During the weeks leading up to the release of Interstellar, people saw the word “love” attached to it, then were alternately giddy because they had something new to mock and relentlessly negative because the science fiction film they were looking forward to was now ruined. Yes, the movie is about love, and yes, there are scenes during which that message is hammered over our heads, but ultimately, the idea of love is the emotional foundation for the film. Interstellar, as a result, is incredibly moving, intimate, and fascinating, and it’s the type of science fiction that is rarely made these days.
Christopher Nolan’s movies have always been about pain and loss–about emotion–but he’s looked at these ideas through a detached lens and a quantifiable structure. Here, though, he takes a different approach for the most part, and the film looks at raw emotion and asks us whether it can be essential to our scientific advancement. There are elements of pain and loss throughout, but that gives way to a through-line of hope, of inspiration, of optimism. The bonds we form through love transcend time and space, and even though love may hurt us and confound us, it is also the very thing that allows us to reach for the stars and beyond.

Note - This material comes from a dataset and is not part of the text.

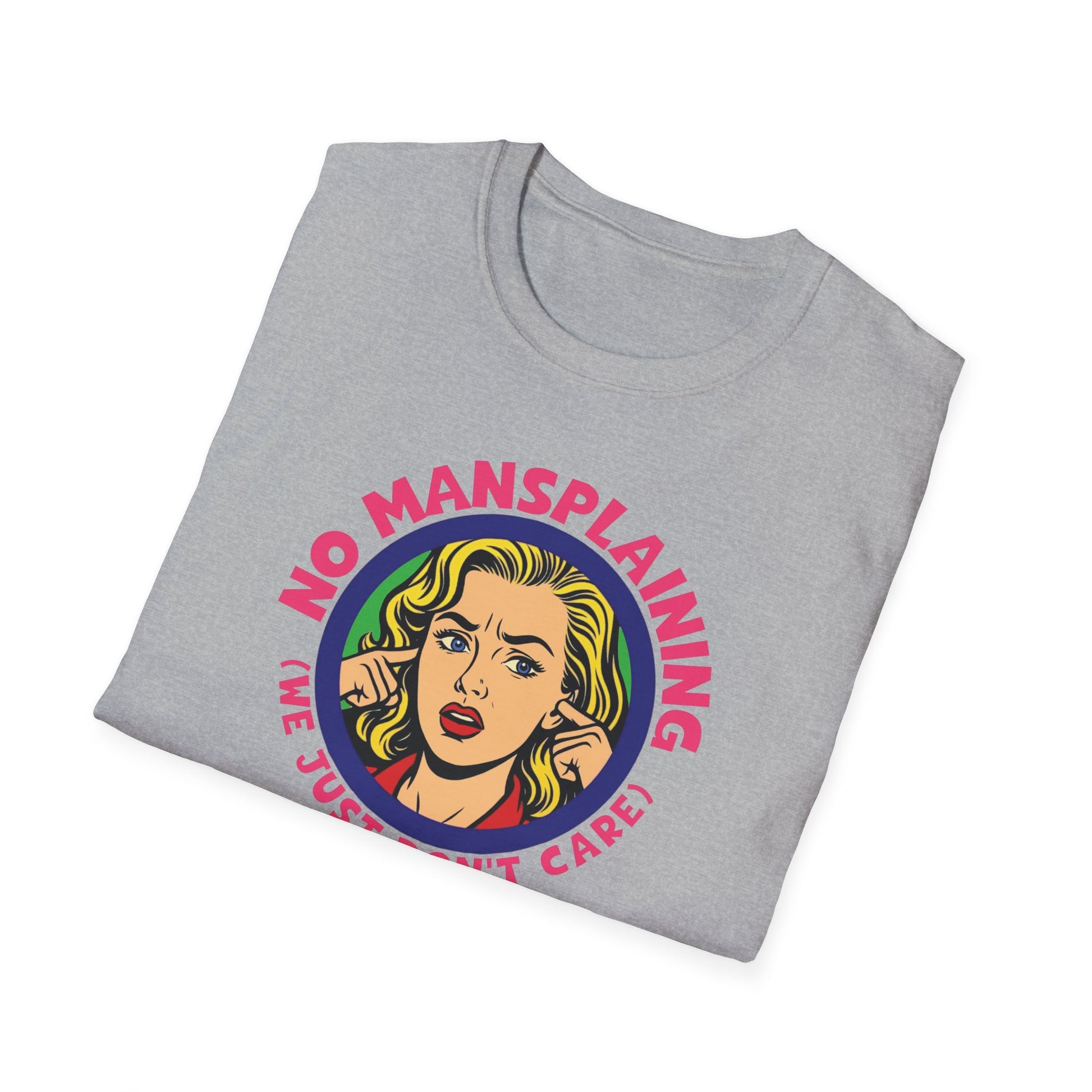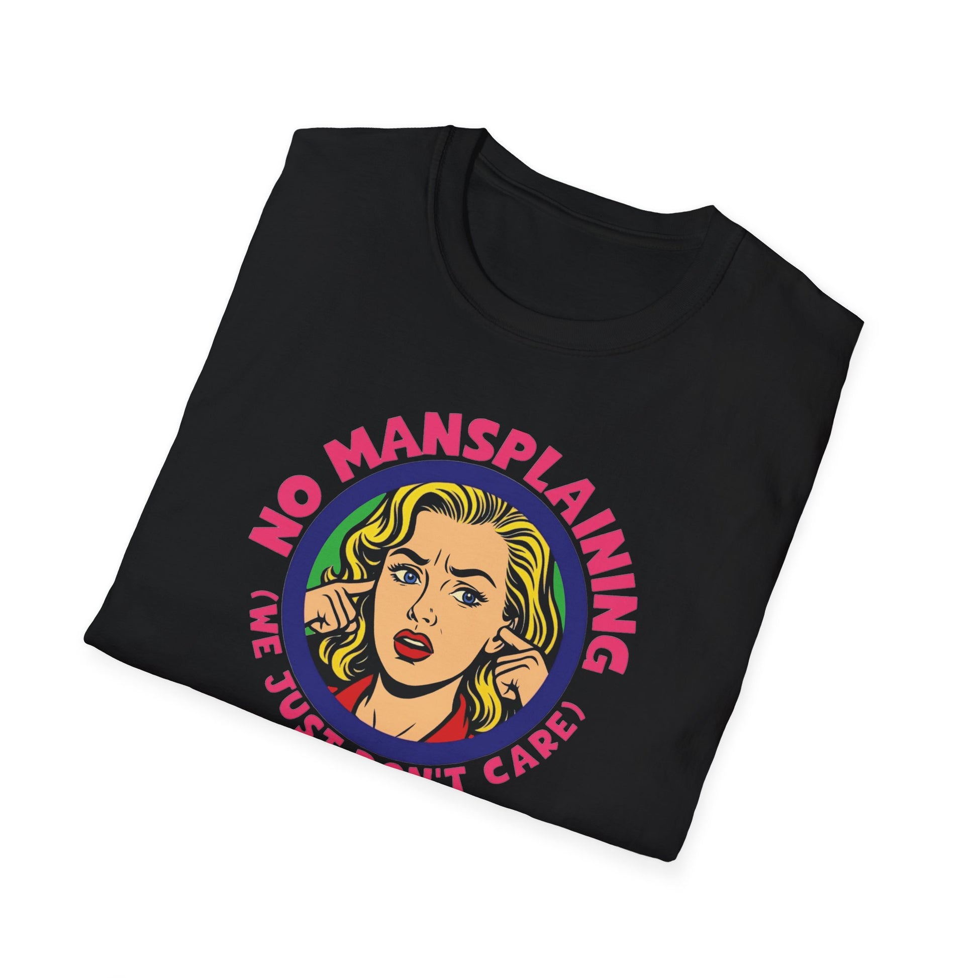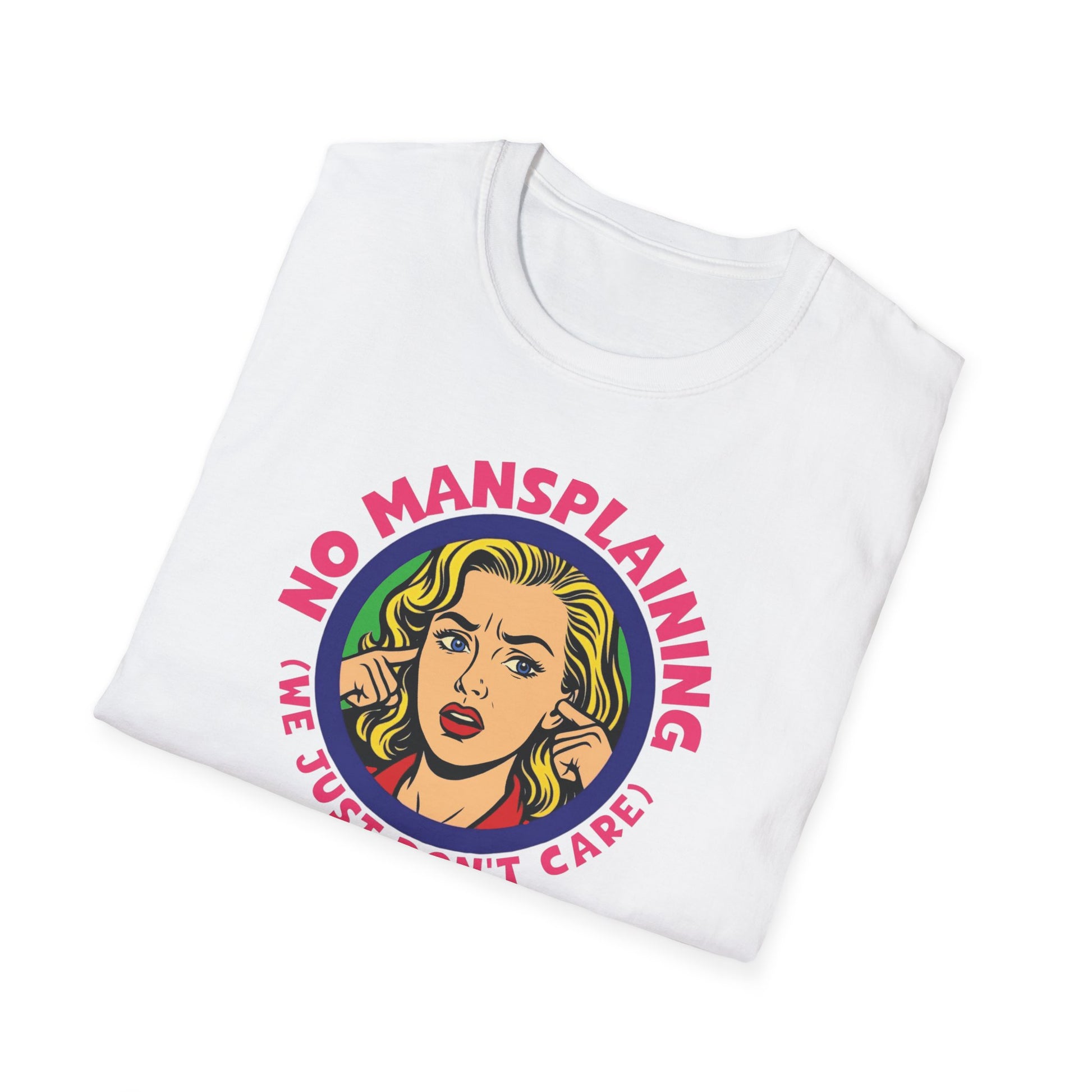 ired of being talked over, dismissed, or "well actually"-ed? This bold No Mansplaining T-Shirt is the ultimate feminist clapback you can wear on your chest. With a striking retro pop art design of a woman plugging her ears in frustration, this shirt makes it clear: we’re done listening, and we don’t care.

Nolan explores these ideas through the central relationship of Cooper and Murph, a father-daughter combo that is wonderfully depicted by Matthew McConaughey and Mackenzie Foy/Jessica Chastain. The two are separated swiftly at the beginning of the movie, but the relationship is constantly emphasized for the remainder of it, with Murph’s resentment building up as Cooper desperately wants to return to save her. There is pain here from the separation of loved ones, and the camera lingers on the pain that is written in the characters’ faces; this is the most emotionally intimate Nolan’s ever been, and while you may not expect one of his movies to move you, there’s no denying that this one hits some deeply affecting emotional highs.
This is also a movie in which Nolan commits to one vision, then sells it with aplomb and with passion. This is a movie that is fascinated by science, that is pure science fiction. This is a movie that poses questions about the relationship between humanity and science and delves into the ideas of self preservation and the survival of the whole, of selfishness and selflessness, of man vs. nature, of man vs. man, of what we will do to survive. It plays with time, delivers stunning visuals and sequences, and features some of Nolan’s most elegant directorial choices in his career.
Most importantly, though, this is a movie that is also an experience, a journey, a trip through the unknown and an optimistic view of the future. There are flaws and missteps, but the movie sweeps you up in its ambition, probing the depths of humanity while it imbues in you a sense of wonder and appreciation. Michael Caine’s Professor Brand repeats several lines from “Do Not Go Gentle Into That Good Night” throughout, and it’s a perfect encapsulation of the movie’s message:
Do not go gentle into that good night,
Old age should burn and rave at close of day;
Rage, rage against the dying of the light.
Interstellar is the type of movie that will keep that light on for a long time.
-See it in IMAX. You won’t regret it. I saw this in 70 mm, but unfortunately, I arrived late and sat pretty close to the front. Still, though, it was an immersive and exciting experience.
-Hans Zimmer’s score is in the background for most of the movie, but there are some extremely powerful moments to be found when the music stops for a few seconds. A bit more on this in the spoiler section, but the movie captures the “silence in space” aspects nicely.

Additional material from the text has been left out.